With a fully redundant SAN fabric, a switch failure will not equate to the failure of several servers. Instead, it will simply be a minor hiccup. However, getting all of this to work is not as simple as just connecting all the devices. Each host OS must be aware of the duplicate paths through the SAN to each storage resource. For this setup to work, you will need to install the multipath drivers for the SAN HBA. You will also need to ensure that the purchased SAN HBAs support multipath.

Managing the Redundant SAN

All of the major SAN switch vendors offer tools to help you manage their products. For example, Brocade's Fabric Manager allows you to manage as many as 200 switches in a SAN. With this product, you can make changes to all switches simultaneously or can make changes to individual switches or even small groups. You can also configure alerting features to alert you if a failure occurs. Other storage vendors have also jumped into the SAN management ring by offering products that collectively manage a variety of SAN hardware devices. Symantec's CommandCentral is an example of software that can manage a diverse collection of storage resources across an enterprise.

There are several products that can assist you in spotting failures on a SAN. How you deal with failures may depend on your IT budget. Some organizations maintain spare parts on hand to quickly resolve failures. This practice could mean having a spare HBA, switch, and FC hard disks. This way, if a failure occurs, you can quickly replace the failed component. Once the failed component is replaced, you can then order the replacement.

Most SAN products have built-in backup utilities. To quickly replace a failed switch and update its configuration, you should perform frequent backups of your SAN switches. Many organizations perform configuration backups before and after each configuration change to a SAN switch. This practice ensures that you will always have the most recent configuration available if you need to replace a failed switch.

Redundant LANs

At this point, you have seen how to improve performance and fault tolerance in the data path from a server to storage. Another element of the data path that is also crucial is the path from the clients to the servers. This path often encompasses the LAN. A simple example of adding faulttolerant LAN connections to servers is shown in Figure 3.7.

Figure 3.7: Redundant server LAN connections.

The idea of redundant LAN connections is relatively straightforward. As with redundant SAN connections, the redundant LAN illustrated uses a meshed fabric to connect each node to two switches. This approach will make each node resilient to NIC, cable, or switch failure. With this approach, a teamed NIC driver should be installed on each server.
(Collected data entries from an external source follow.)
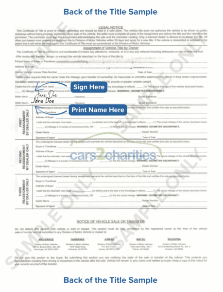 • You may need to notify the Alaska Department of Motor Vehicles that the vehicle was donated to complete the transfer. Please contact them to be sure.
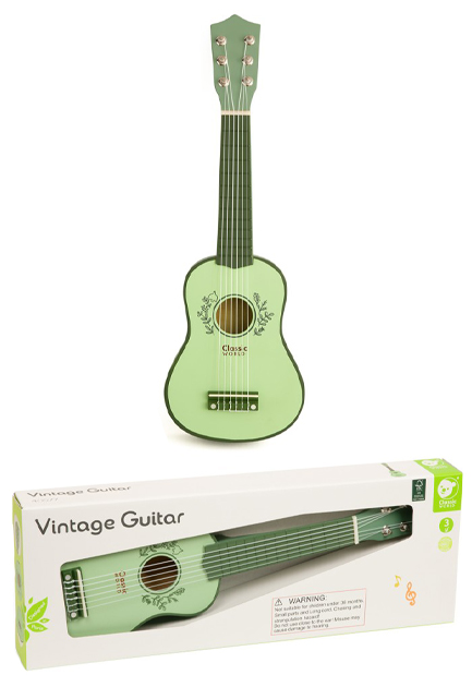 Αυτή η ξύλινη κιθάρα έχει ένα κομψό vintage χρωματισμό προσφέροντας ένα κλασικό ρετρό στυλ για να απολαμβάνουν τα παιδιά και να ταξιδεύουν με τις νότες της. Βοηθάει τα παιδιά να αναπτύξουν τη μουσική τους αίσθηση, ενώ παράλληλα καλλιεργούνται οι δημιουργικές τους δεξιότητες.
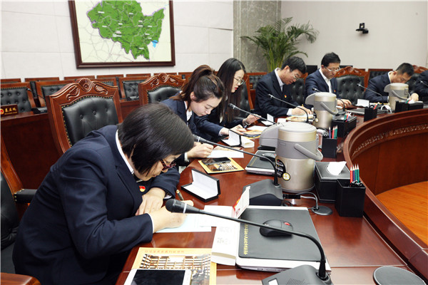 在审委会会议室观看《黑龙江高院200期开放日视频集锦》 赵炳松 摄
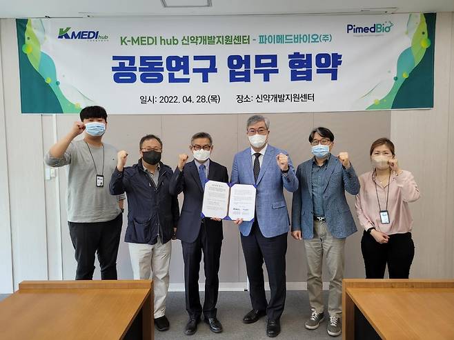 케이메디허브는 지난 2018년 ㈜파이메드바이오의 1호 개발후보인 암줄기성 억제 항암제에 대한 기초연구 결과를 기술이전했고, 공동으로 후보발굴연구를 수행해 개발후보를 도출했으며 지난해에는 비임상시험용 원료의약품 생산도 지원한 바 있다.
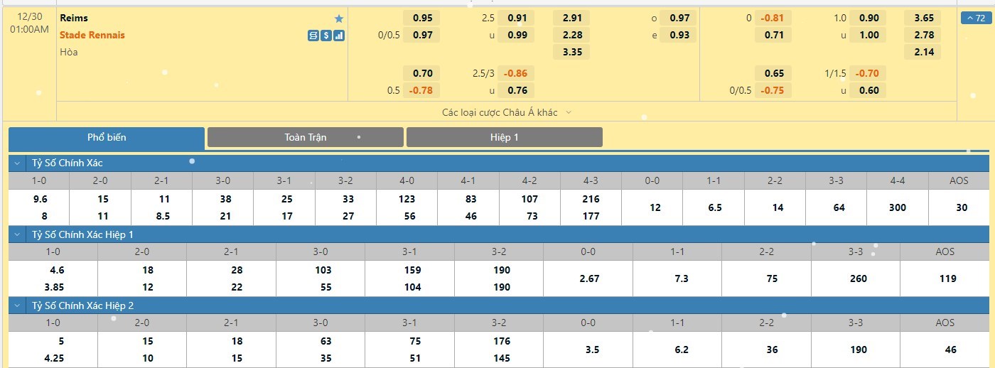 Tỷ lệ kèo cá cược bóng đá trận Reims vs Rennes

This installation will allow the two NICs to be collectively seen as a single NIC and share a virtual IP address.

Aside from meshing server connections to switches, some organizations mesh connections between switches, thus providing for additional resiliency. Figure 3.8 shows this architecture.

Figure 3.8: Redundant switched LAN connections.

Meshing core and access layer switches can provide fault tolerance for the network backbone, but this also requires additional management. To prevent network loops, Spanning Tree Protocol (STP) will need to be configured on the switches. Loops occur when multiple paths exist between hosts on a LAN. With multiple open paths, it is possible for frames leaving one host to loop between the switches offering the redundant paths while never actually reaching the destination host. Lops can not only disrupt communication between hosts but also flood the LAN with traffic. When configured, STP will dynamically build a logical tree that spans the switch fabric. In building the tree, STP discovers all paths through the LAN. Once the tree is established, STP will ensure that only one path exists between two hosts on the LAN. Ports that would provide a second path are forced into a standby or blocked state. If an active port goes down, the redundant port is brought back online. This setup allows for fault tolerance while preventing network loops from disrupting communication.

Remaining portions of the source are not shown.